Un été brûlant
de Tim Pears

critiqué par Fanou03, le 16 juin 2020
(* - 48 ans)


La note:  étoiles
En attendant la pluie
Un livre vient à vous parfois par son titre qui vous interpelle ou vous intrigue, mais parfois aussi par sa couverture : ce fut le cas en ce qui me concerne avec Un été brûlant de Tim Pears. Sur cette couverture on y voit une jeune fille dans un champ récemment moissonné, vêtue des attributs de l’adolescence décontractée. Short en jean effrangé, chemise sans manche, elle est légèrement de côté, penchant sa tête pensivement, avec mélancolie peut-être, tenant dans sa main un brin de paille. L’image est retraitée avec des tons ocre et des nuances orangées. Cette couverture est une admirable évocation du contenu du livre.

Un été brûlant est en effet un superbe roman d’ambiance, languide comme le sont les étés caniculaires plein d’ennui, de chaleur et de soif. Tout semble s’être figé dans un long étirement du temps. Le récit, contrairement à ce que le laisse présager le titre français de l’œuvre, se déroule en effet en de septembre à octobre; les jeunes gens traînent leur désœuvrement, car l’école n’a pas repris dans cette Angleterre plongée dans une grève générale du début des années 1980. L’œuvre cultive ce temps immobile : rien ne progresse vraiment, d’autant plus que les chroniques du temps passé, évoquées notamment par la grand-mère d’Alison, alternent avec les chroniques du temps présent, cultivant une sorte d’intemporalité.
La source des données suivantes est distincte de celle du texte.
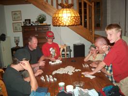 Graham heeft gezorgd voor lasagna; lekker gemakkelijk om even zo aan te kunnen schuiven. Na het eten natuurlijk vuurtje stoken. Wij hebben de domino voor de draad gehaald en Eric en Graham het spel even uitgelegd, waarna er heel fanatiek werd gespeeld tot in de late uurtjes.
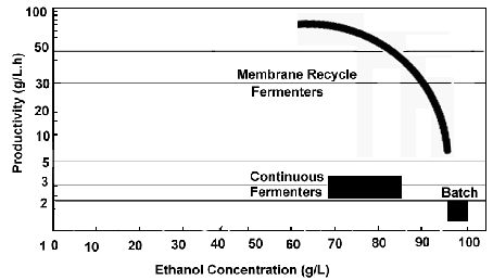 The graph illustrates the improvements to be expected with the membrane-based fermenters. In laboratory trials, productivities 10-50 times higher than batch fermenters have been obtained. Other benefits have been observed:

Le livre est aussi et surtout la description des hommes et des femmes qui gravitent autour de la narratrice, Alison Freemantle : par petites touches elle va ainsi croquer les personnalités des membres de sa famille, et celles de quelques autres habitants du village, comme Douglas Westcott, Maria de Graça, ou encore le Pasteur. Avec une grande douceur elle affleure leurs secrets et leurs âmes. Mais Alison mais n’est pas omnisciente : le mystère de ces êtres restent le plus souvent entiers. C’est qui est le plus beau sans doute dans ce roman (on ne saura ainsi jamais vraiment pourquoi le père d’Alison est comme retombé en enfance). On y décèle aussi la lente transformation d’Alison de son état de jeune fille à celui de jeune femme.

L’écriture de Tim Pears est ciselée et profonde. Le chapitre « Géographies de l’inconscient », dédié à l’enfance du mystérieux Douglas Westcott est à ce titre très caractéristique. Même si l’on peut regretter que l’œuvre ne soit pas un peu plus rythmée et guidée par un scénario plus marquée, Un été brûlant, délicat et sensible, offre donc un très beau moment de littérature.